Sylvanus put his arm across the man’s shoulders. “Dost thou know who committed the act?”
“I say it’s that slaver.”
“Thou art in danger of further violence.” Sylvanus thought for a moment. “Brother Stewart left
these coins.” He put them into Horace’s palm. “Thou art burned. Come and stay with me. I will butter thy injuries.”
“I’m staying right here,” said Horace, turning back.
“Stay with me, at least until the convention is concluded.”
Horace looked at him, surprised. He tried to speak, but his voice cracked and he began to cough.
Sylvanus patted his back. “Come, come. At least let me feed thee breakfast. I’m told my bread has restorative properties.” He led Horace to the bakery.
After Sylvanus wrapped Horace’s hands in bandages and fed him, he left to make his early morning deliveries. Horace stretched out on the cot near the still-warm oven, but found it hard to sleep. Whereas his shack had been filled with odds and ends, this place had only a few necessities—the domed oven, a nearby stack of wood, worktables, a set of drawers, a few pots and dishes, and the pegs for the baker’s clothing. There was almost nothing at which to look.

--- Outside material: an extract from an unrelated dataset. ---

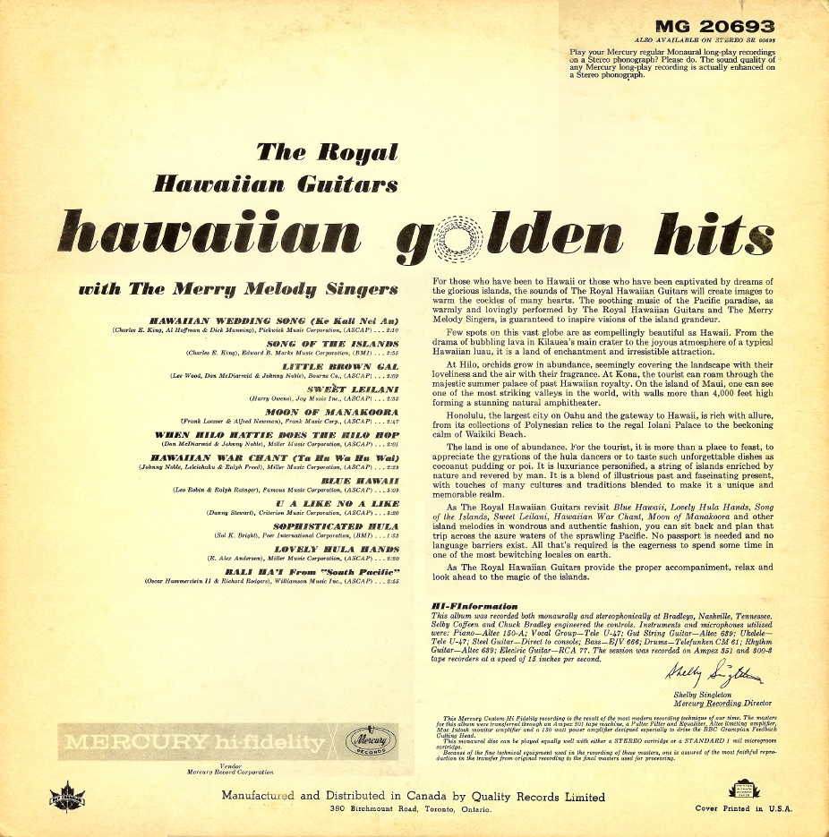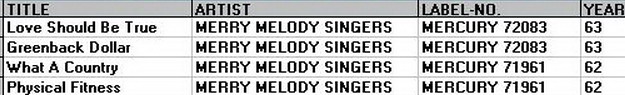 eine weitere Vocal-Backing Group neben den Jordanaires oder den Anita Kerr Singers waren The Merry Melody Singers, die bei diversen Interpreten mit genannt werden.

All his thoughts were on the ashes of his home and his dashed dreams of securing a lift in life. The cart remained, but for how long? Even if he had known Hickox’s plans, how could he defend his property? The slavers had guns. All he had were fishing poles—at least he used to have fishing poles. A man couldn’t even keep himself alive without poles, and salt to preserve what he caught. Everybody needed a place to be warm and to secure food from thieves and dogs. That damn slaver still believed Horace knew something and could get around Maggie. Certainly she would rather die than let them capture someone under her protection. But sometimes she shut the door—even to him. And having runaways in the house? Well, she’d be extra cautious. And that yellow-haired doctor, hadn’t he really brought the trouble to Maggie’s kitchen? He treated her no better than a slave. Why should he benefit from the $150? The doctor’s obvious disgust for Maggie made him want to see the man in the gutter, or his grave.